10. This is a good paper. However, I don't totally agree with author's assumption that hardware timers interrupt on every clock tick. In case nothing is scheduled, hardware interrupt could go off every n cycles. Do you think my thought is right?

11. I am wondering what change will happen to soft timer while hardware changes? Do interrupts always have high overhead?

12. From this paper, I know hardware timers have problems. What would be a better hardware interface design?

13. The paper presented the soft timer for scheduling of software events but only pointed out two applications in rate-based clocking and network polling. What other applications can take advantages of the soft timer?

14. The disadvantage of the soft timer is that event handlers may be delayed past its scheduled invoking time. How do you measure this disadvantage?

15. The authors mention hybrid polling/interrupt systems which serve the same purpose as soft-timers, but they don't include much analysis of why their system is better. How do these hybrid systems compare?

16. What other OS services require frequent polling or interrupts?

17. Can we pre-empt the processing of a non-interrupt based soft-timer?

18 .This is a totally cool idea. However, when I see performance 'hacks' that couple subsystems together (in this case, the system call and the alarm scheduling systems), I start to get nervous about how programmers will react to them.

19. In this case, I would suspect that a programmer concerned about having her events triggered with high fidelity would start looking for ways to pull tricks with system call timing. Do you think this is a concern, or am I just being paranoid? It is just my experience that if you leave enough room for a systems programmer to swing her hacking pick, she'll use that room.

20. Apart from periodically sending packages, what other uses are there for soft timers? I can't think of anything other than polling some I/O device.

21. TCP has "built-in" network congestion control, doesn't the rate-based clocking scheme for transmission defeat the purpose of using TCP (since we are "ignoring" the ACKs)? Why are the tests run with FreeBSD? Would using other OS such as Linux in the tests deliver a significantly different performance characteristics?

22. Is technique like this one used to stabilize the bandwidth for streaming media over the Internet? (Especially with its lower overhead on CPU usage)

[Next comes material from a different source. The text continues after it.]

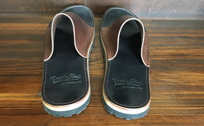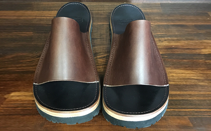 当社ロゴ入りのレザーサンダルです。裁断、床面処理、縫製(手縫い)まで、1つ1つ妥協せず丁寧に手作りしています。使い込むほど、なじんできますので、自分だけの風合いを楽しめます。牛革使用で使うほどに味が出ます。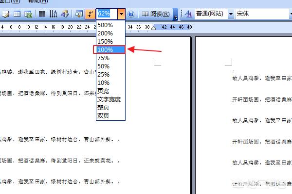4、若想变回去,则再次点击百分比,在此下拉框中点击选择“100%”选项,然后就会自动变回单页。

23. When soft-trigger (or any Rate-Based Clocking technique) is used, why isn't throughput increased? I thought lower RTT would increase the bandwidth of the system (provided that the channel is not saturated).

24. Do you think that this technique might be useful for a distributed system that involves intensive inter-machine communications? For example consider a grid of computers running a scientific simulation. (in this type of applications the amount of system calls is minimal!). Rate based clocking does not seem applicable what about polling?

25. Is it possible that event handling overhead results in considerable performance reduction in some cases? For example consider a case that there are so many over-due events in the list after a large trigger interval (due to a large number of connections to the server in the interval).

26. Soft-timers require you knowing information about the network in order to use them effectively. I don't think it's fair to rely on this because even TCP could avoid a lot of the slow-start problems (or even compressed/big ACKs) if it had some knowledge of the network. Do you really think it's fair to compare performance to TCP which has no initial knowledge of the network?

27. This whole argument also relies on the usefulness of rate-based clocking but I'm not convinced it is that useful. If we're given knowledge of the network can't we also avoid the big ACK and compressed ACK scenarios and skip the slow start? Doesn't QoS on our network avoid these problems? Also, it seems for the applications they chose that rate-based clocking doesn't perform as well as the standard implementation so why use it? It just doesn't seem to be motivated well in this paper.

28. Table 5 shows that about 50% pf the trigger state interrupts are related to network interrupts. The goal of network polling technique is to avoid network interrupts ,hence the frequent context switching, via using soft timers for polling. I`m a bit unsatisfied on the usage of soft timers for network polling especially the system is running compute bound jobs background, since stated by the system in case of compute bound jobs there are stil enough trigger states , network interrupts, to save the day. However doesn`t this contradict with the goal of network polling?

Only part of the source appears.